Extracted records

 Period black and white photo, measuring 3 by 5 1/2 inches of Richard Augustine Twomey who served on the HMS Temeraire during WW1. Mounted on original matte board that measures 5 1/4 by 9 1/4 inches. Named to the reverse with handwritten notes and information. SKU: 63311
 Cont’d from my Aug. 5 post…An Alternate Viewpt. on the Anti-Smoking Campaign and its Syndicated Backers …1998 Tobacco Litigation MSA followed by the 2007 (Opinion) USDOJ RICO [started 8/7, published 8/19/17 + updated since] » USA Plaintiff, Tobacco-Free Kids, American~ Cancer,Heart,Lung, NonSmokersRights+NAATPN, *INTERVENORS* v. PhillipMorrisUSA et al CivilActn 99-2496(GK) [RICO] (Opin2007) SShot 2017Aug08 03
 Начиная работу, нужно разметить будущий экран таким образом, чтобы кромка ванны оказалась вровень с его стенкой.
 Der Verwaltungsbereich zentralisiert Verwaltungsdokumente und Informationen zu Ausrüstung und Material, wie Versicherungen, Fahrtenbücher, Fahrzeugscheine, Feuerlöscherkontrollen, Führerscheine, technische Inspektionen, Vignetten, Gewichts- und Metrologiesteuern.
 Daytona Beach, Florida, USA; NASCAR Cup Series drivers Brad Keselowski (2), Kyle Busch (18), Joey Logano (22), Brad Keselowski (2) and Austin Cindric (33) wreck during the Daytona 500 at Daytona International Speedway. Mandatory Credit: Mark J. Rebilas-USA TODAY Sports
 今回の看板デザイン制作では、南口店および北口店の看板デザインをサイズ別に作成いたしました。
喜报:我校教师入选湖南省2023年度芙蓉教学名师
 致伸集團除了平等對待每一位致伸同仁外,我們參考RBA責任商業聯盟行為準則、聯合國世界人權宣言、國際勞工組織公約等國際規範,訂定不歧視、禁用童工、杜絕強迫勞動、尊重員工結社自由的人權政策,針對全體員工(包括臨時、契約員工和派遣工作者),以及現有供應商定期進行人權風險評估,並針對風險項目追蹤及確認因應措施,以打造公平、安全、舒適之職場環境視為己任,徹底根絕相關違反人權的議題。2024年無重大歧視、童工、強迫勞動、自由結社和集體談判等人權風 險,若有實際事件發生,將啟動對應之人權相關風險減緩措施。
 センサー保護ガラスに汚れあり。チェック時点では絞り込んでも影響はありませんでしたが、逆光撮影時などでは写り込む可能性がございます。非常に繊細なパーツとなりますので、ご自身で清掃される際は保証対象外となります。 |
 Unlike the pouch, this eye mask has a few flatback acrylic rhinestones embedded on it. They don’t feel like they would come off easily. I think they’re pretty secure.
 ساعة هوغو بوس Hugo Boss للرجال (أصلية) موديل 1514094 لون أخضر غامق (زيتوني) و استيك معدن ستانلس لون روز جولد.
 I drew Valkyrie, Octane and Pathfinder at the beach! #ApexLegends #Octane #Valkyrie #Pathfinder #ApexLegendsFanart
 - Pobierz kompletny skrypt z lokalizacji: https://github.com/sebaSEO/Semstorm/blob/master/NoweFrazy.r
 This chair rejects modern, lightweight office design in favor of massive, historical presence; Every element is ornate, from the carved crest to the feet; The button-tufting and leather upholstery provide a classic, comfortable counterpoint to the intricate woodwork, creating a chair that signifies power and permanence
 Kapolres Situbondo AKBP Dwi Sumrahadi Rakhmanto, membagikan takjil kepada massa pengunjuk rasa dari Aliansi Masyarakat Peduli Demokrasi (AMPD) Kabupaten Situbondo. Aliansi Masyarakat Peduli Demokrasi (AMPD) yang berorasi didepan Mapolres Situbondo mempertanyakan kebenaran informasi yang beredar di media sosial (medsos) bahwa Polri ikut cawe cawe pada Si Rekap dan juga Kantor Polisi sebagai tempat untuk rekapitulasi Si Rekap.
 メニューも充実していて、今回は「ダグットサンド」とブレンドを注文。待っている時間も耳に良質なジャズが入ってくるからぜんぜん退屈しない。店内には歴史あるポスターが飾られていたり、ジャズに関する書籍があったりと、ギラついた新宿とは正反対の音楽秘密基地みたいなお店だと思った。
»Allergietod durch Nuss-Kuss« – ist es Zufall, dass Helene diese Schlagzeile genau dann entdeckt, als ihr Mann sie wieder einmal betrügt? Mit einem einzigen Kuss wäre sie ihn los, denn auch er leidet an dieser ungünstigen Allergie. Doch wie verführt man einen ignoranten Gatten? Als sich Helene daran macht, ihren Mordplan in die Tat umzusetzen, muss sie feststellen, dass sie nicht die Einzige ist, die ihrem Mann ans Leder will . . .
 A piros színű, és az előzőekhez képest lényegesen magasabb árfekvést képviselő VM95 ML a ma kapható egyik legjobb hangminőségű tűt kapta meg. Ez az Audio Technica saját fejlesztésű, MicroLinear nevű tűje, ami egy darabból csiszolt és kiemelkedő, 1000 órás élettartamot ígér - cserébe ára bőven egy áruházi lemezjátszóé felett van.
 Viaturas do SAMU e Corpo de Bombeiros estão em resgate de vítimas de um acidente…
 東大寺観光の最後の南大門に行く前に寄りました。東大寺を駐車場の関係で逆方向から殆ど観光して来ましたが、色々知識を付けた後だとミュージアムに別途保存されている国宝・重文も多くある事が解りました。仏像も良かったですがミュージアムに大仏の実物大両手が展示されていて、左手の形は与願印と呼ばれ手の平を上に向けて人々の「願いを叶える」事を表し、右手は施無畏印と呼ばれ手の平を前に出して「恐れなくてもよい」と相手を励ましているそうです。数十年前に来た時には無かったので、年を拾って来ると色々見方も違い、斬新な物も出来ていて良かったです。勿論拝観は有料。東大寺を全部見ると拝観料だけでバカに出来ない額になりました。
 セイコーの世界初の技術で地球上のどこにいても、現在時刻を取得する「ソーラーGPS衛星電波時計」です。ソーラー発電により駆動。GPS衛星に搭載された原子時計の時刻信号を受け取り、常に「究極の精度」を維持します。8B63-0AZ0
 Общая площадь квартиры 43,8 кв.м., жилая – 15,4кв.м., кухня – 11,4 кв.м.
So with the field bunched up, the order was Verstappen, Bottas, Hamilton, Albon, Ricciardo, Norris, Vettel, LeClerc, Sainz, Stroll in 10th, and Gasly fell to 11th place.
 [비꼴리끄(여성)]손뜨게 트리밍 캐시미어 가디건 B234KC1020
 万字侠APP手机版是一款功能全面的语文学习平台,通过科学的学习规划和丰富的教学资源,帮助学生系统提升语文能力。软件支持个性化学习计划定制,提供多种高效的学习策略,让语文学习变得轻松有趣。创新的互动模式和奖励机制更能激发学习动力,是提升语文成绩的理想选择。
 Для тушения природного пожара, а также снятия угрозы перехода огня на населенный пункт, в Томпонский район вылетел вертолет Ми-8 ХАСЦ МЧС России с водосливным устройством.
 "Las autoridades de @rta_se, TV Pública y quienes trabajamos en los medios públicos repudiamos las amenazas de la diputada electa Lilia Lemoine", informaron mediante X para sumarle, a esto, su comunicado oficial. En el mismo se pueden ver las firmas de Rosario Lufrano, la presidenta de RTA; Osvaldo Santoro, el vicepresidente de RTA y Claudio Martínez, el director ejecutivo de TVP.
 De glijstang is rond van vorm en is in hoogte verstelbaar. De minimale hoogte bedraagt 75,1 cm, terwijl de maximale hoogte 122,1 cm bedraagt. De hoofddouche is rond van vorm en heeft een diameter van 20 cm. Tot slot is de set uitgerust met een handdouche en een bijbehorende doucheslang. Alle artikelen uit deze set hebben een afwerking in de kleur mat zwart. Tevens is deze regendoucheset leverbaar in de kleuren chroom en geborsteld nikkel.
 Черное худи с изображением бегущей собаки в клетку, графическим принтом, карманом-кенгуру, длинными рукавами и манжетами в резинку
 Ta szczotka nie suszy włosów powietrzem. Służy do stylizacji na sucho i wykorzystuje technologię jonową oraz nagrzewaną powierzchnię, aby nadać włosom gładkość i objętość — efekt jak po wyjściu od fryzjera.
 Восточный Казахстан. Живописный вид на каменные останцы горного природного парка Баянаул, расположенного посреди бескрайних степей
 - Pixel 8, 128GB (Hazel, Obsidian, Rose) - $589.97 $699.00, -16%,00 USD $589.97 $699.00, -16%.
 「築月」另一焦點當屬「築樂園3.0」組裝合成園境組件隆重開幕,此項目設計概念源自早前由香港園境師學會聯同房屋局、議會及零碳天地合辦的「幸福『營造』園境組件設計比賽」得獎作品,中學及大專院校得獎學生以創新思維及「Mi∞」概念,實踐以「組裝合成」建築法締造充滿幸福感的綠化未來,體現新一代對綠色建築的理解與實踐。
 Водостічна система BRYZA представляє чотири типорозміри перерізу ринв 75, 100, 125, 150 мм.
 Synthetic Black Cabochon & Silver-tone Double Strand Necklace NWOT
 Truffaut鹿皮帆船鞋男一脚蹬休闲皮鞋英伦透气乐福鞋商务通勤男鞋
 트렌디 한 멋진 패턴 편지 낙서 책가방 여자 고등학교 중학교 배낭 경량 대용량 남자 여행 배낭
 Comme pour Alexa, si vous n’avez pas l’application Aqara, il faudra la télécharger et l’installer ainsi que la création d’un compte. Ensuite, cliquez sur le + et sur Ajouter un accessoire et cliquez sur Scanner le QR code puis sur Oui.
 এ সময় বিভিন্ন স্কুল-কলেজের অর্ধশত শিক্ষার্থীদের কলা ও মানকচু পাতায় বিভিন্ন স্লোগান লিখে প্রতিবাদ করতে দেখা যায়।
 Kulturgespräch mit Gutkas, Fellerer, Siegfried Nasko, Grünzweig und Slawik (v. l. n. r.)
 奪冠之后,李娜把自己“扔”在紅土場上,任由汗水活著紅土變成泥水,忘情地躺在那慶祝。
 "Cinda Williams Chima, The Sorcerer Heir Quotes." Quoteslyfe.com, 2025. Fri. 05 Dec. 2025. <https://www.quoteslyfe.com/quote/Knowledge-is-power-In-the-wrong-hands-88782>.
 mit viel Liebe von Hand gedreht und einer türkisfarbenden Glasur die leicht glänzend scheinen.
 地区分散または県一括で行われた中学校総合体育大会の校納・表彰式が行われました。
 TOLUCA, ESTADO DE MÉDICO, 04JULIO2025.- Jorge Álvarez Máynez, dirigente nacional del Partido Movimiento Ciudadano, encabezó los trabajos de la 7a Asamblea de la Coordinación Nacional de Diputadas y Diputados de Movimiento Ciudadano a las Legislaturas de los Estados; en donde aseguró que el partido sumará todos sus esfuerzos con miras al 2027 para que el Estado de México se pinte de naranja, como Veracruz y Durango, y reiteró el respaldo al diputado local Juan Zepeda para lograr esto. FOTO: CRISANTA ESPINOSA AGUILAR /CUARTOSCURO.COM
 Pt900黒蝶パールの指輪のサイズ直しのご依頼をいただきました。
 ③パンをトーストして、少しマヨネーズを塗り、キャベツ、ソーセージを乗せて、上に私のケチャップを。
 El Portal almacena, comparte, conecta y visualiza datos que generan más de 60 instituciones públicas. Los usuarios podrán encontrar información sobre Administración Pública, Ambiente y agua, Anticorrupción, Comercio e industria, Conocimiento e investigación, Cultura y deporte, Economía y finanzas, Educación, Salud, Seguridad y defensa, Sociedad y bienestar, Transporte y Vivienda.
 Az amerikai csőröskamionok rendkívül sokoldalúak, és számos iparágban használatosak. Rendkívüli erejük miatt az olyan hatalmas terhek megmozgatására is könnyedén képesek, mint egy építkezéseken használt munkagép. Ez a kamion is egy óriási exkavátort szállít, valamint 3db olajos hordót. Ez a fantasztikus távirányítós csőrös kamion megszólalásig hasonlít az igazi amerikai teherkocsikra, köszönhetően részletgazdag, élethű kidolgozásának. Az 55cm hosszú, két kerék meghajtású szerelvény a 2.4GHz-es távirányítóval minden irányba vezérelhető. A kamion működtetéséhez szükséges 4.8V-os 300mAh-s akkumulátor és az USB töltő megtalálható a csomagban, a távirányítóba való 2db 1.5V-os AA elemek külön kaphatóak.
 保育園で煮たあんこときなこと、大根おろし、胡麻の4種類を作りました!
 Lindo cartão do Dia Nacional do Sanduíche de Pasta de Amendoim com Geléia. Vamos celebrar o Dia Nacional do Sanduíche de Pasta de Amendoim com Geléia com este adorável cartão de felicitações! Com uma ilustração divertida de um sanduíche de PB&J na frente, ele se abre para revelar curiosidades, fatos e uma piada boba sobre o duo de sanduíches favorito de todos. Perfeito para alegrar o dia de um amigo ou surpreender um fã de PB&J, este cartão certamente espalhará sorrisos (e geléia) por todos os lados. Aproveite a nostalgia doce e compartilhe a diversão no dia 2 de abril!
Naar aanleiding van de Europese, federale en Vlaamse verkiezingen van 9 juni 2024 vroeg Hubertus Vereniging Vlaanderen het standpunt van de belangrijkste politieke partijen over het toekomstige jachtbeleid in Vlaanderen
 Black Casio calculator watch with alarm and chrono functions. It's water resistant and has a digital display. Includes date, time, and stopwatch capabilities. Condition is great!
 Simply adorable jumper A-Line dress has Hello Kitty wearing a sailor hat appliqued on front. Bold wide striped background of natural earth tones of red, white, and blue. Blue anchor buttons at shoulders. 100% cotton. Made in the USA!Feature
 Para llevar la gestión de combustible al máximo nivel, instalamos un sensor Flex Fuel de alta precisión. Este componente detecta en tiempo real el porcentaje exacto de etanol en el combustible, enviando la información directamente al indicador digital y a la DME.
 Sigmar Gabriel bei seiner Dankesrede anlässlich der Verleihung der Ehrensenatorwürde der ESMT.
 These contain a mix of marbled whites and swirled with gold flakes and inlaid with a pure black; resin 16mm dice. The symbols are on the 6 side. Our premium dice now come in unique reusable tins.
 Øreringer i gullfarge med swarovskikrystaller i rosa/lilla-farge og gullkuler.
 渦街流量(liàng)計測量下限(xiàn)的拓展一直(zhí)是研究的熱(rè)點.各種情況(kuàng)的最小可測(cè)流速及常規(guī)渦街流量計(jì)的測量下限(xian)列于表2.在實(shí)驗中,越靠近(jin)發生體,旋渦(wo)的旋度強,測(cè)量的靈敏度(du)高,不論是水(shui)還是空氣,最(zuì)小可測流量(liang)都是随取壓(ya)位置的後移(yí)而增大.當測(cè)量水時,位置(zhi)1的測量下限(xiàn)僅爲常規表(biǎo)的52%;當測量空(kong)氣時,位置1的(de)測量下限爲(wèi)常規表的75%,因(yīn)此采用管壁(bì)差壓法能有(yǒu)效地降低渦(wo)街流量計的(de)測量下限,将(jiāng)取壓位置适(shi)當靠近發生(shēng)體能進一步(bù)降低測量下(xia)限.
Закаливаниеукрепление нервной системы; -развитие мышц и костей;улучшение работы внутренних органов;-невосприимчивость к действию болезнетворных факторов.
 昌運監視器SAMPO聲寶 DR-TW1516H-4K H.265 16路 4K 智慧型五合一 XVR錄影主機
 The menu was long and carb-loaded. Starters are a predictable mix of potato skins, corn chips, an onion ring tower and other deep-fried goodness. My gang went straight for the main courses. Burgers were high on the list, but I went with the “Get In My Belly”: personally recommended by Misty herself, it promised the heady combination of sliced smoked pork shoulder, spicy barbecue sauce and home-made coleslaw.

PROBLEM STATEMENT: Retype, exactly and in full, the lines above from the one containing "Comme pour Alexa, si" through the one containing "Pt900黒蝶パールの指輪のサイズ直しのご依頼をいただきました。".

RESULT OF THE EXERCISE:
 Comme pour Alexa, si vous n’avez pas l’application Aqara, il faudra la télécharger et l’installer ainsi que la création d’un compte. Ensuite, cliquez sur le + et sur Ajouter un accessoire et cliquez sur Scanner le QR code puis sur Oui.
 এ সময় বিভিন্ন স্কুল-কলেজের অর্ধশত শিক্ষার্থীদের কলা ও মানকচু পাতায় বিভিন্ন স্লোগান লিখে প্রতিবাদ করতে দেখা যায়।
 Kulturgespräch mit Gutkas, Fellerer, Siegfried Nasko, Grünzweig und Slawik (v. l. n. r.)
 奪冠之后,李娜把自己“扔”在紅土場上,任由汗水活著紅土變成泥水,忘情地躺在那慶祝。
 "Cinda Williams Chima, The Sorcerer Heir Quotes." Quoteslyfe.com, 2025. Fri. 05 Dec. 2025. <https://www.quoteslyfe.com/quote/Knowledge-is-power-In-the-wrong-hands-88782>.
 mit viel Liebe von Hand gedreht und einer türkisfarbenden Glasur die leicht glänzend scheinen.
 地区分散または県一括で行われた中学校総合体育大会の校納・表彰式が行われました。
 TOLUCA, ESTADO DE MÉDICO, 04JULIO2025.- Jorge Álvarez Máynez, dirigente nacional del Partido Movimiento Ciudadano, encabezó los trabajos de la 7a Asamblea de la Coordinación Nacional de Diputadas y Diputados de Movimiento Ciudadano a las Legislaturas de los Estados; en donde aseguró que el partido sumará todos sus esfuerzos con miras al 2027 para que el Estado de México se pinte de naranja, como Veracruz y Durango, y reiteró el respaldo al diputado local Juan Zepeda para lograr esto. FOTO: CRISANTA ESPINOSA AGUILAR /CUARTOSCURO.COM
 Pt900黒蝶パールの指輪のサイズ直しのご依頼をいただきました。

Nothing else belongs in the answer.